Primary LanguageCApache License 2.0Apache-2.0

SheenBidi

License Travis-CI Build Status AppVeyor Build Status Coverage Status

SheenBidi implements Unicode Bidirectional Algorithm available at http://www.unicode.org/reports/tr9. It is a sophisticated implementation which provides the developers an easy way to use UBA in their applications.

Here are some of the advantages of SheenBidi.

  • Object based.
  • Optimized to the core.
  • Designed to be thread safe.
  • Lightweight API for interaction.
  • Supports UTF-8, UTF-16 and UTF-32 encodings.

API

The above screenshot depicts a visual representation of the API on a sample text.

SBCodepointSequence

It works as a code point decoder by accepting a string buffer in specified encoding.

SBAlgorithm

It provides bidirectional type of each code unit in source string.
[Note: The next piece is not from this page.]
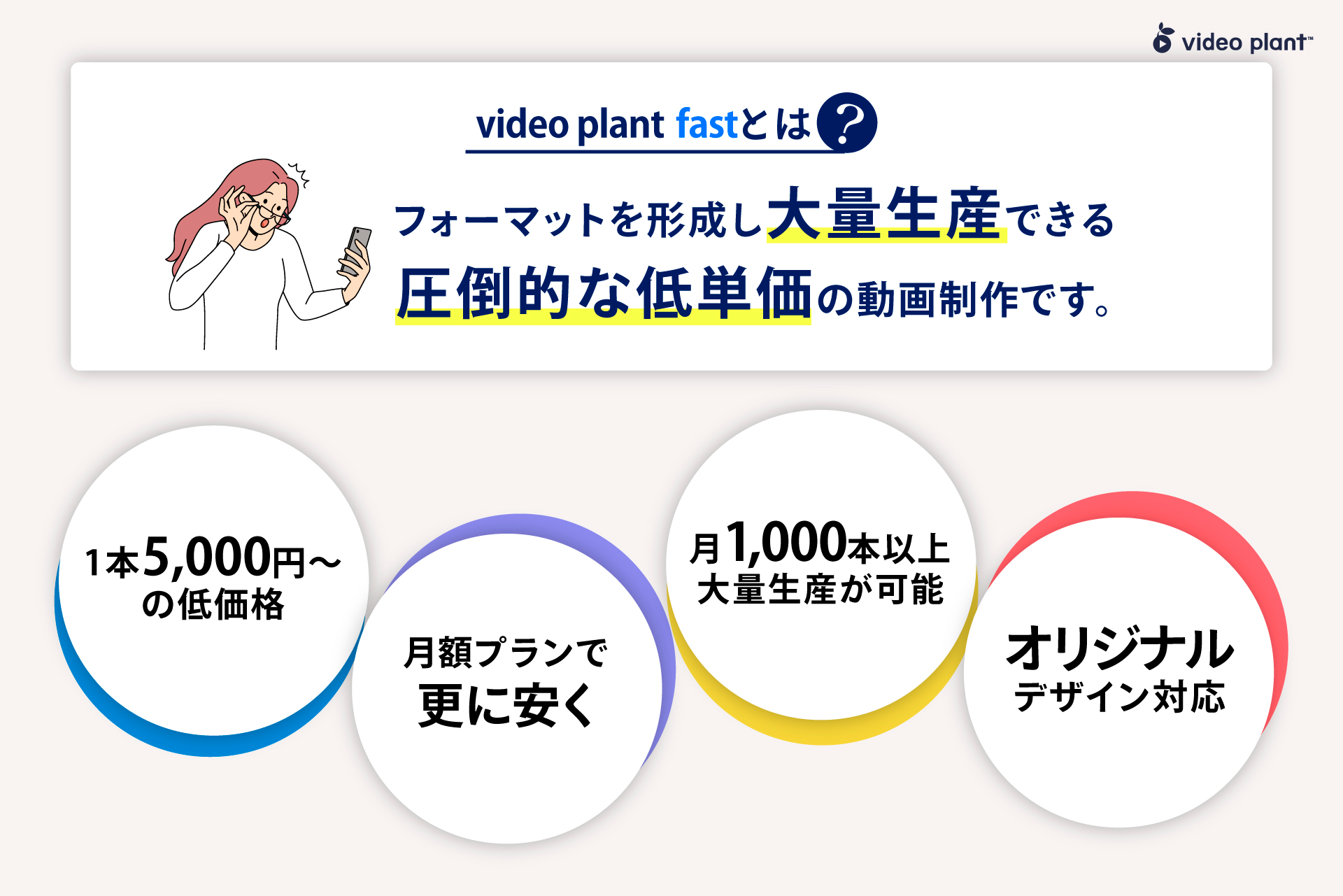 「video plant」よりもたくさんの動画をスムーズに、そして安く欲しいという企業様の声にお応えして、2023年より「video plant FAST」を提供開始します。動画のデザイン・構成は統一し、大量にバリエーション違いを生産したい場合におすすめです。

Paragraph boundaries can be queried from it as determined by rule P1. Individual paragraph objects can be created from it by explicitly specifying the base level or deriving it from rules P2-P3.

SBParagraph

It represents a single paragraph of text processed with rules X1-I2. It provides resolved embedding levels of all the code units of a paragraph.

SBLine

It represents a single line of text processed with rules L1-L2. However, it provides reordered level runs instead of reordered characters.

SBRun

It represents a sequence of characters which have the same embedding level. The direction of a run would be right-to-left, if its embedding level is odd.

SBMirrorLocator

It provides the facility to find out the mirrored characters in a line as determined by rule L4.

SBScriptLocator

Not directly related to UBA but can be useful for text shaping. It provides the facility to find out the script runs as specified in UAX #24.

Dependency

SheenBidi does not depend on any external library. It only uses standard C library headers stddef.h, stdint.h and stdlib.h.

Configuration

The configuration options are available in Headers/SBConfig.h.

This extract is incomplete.